Конечно, такое выделение сначала легендарных, а затем и реальных имен свидетельствовало о последовательном формировании представления о поэте — создателе текста, но в целом древнее литературное произведение рассматривалось скорее как одно из проявлений жизнедеятельности коллектива, чем как творение отдельной личности. Отсюда — трудно различить приметы индивидуального стиля в большинстве памятников древних литератур, отсюда — тот традиционализм литературной тематики и средств выражения, который долго еще сохраняется не только в эпоху Древности, но и в Средневековье.

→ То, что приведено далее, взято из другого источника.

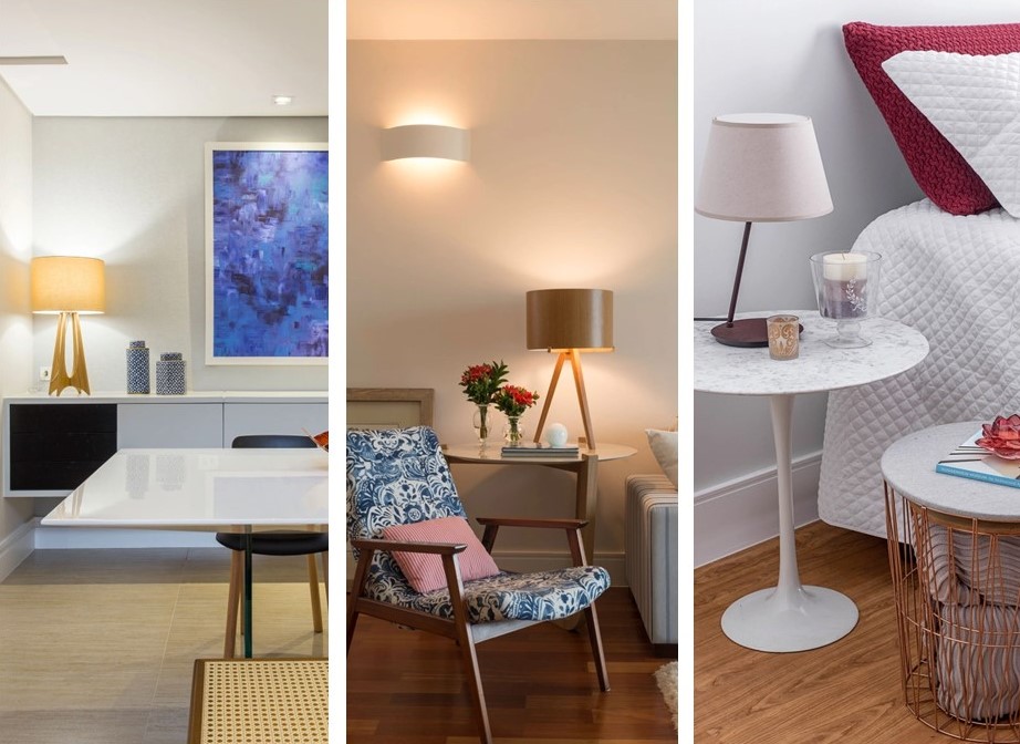 Além de oferecer um ponto extra de iluminação, o objeto complementa a decoração com aconchego e por isso está sempre presente nas áreas intimas. “Ele é perfeito para apoiar aquela leitura ou o momento gostoso de uma conversa antes de dormir. É o par ideal das mesas de cabeceira”, destaca Carina.

Сказанное выше, как явствует из обозрения отдельных литератур Древности, относится в большей мере к литературам Востока и в меньшей — к литературе европейской античности. Точнее, и античной литературе были свойственны отмеченные черты, но свойственны главным образом на ее архаической стадии, представленной произведениями Гомера, Гесиода и ранних лириков. Решительный перелом обозначился в VI—V вв. до н. э. — в эпоху творчества первых греческих философов, историков, трагиков. Примечательно, однако, что приблизительно та же эпоха, получившая в научной литературе XX в. наименование «осевого времени» (Achsenzeit), оказалась существенно важной не только для Греции. Это было время библейских пророков, Конфуция и Лао–цзы в Китае, Будды в Индии, Заратуштры в Иране; время мощнейших интеллектуальных движений (обычно принимавших религиозную окраску), которые стремились дать универсальное, философское объяснение мира и подвергали окружающую социальную действительность острой критике; время, когда не в одной Греции, но и в цивилизованных странах Востока усиливается классовая дифференциация, складываются гибкие государственные системы, сочетающие центральную политическую администрацию с местным самоуправлением, бурно растут города и развиваются ремесла и торговля, резко повышается роль письма и грамотности в обществе. Все это не могло не дать во второй половине I тыс. до н. э. новых стимулов для развития как европейской, так и восточных литератур. Однако если в литературах Индии, Китая и Ближнего Востока принципиальные сдвиги в ходе литературного процесса только намечаются и традиции архаики долгое время остаются действенными, то в античной греческой литературе происходят куда более очевидные изменения: литература решительно выделяется как особая форма идеологии, складывается независимая литературная теория, получают признание понятия жанра, стиля, индивидуального авторства, акцент переносится на собственно литературные средства описания человека и действительности. Тем самым в лице греческой классики уже формируется тот тип литературы, который Древний мир — в какой–то мере через голову мира Средневекового — передал Новому времени.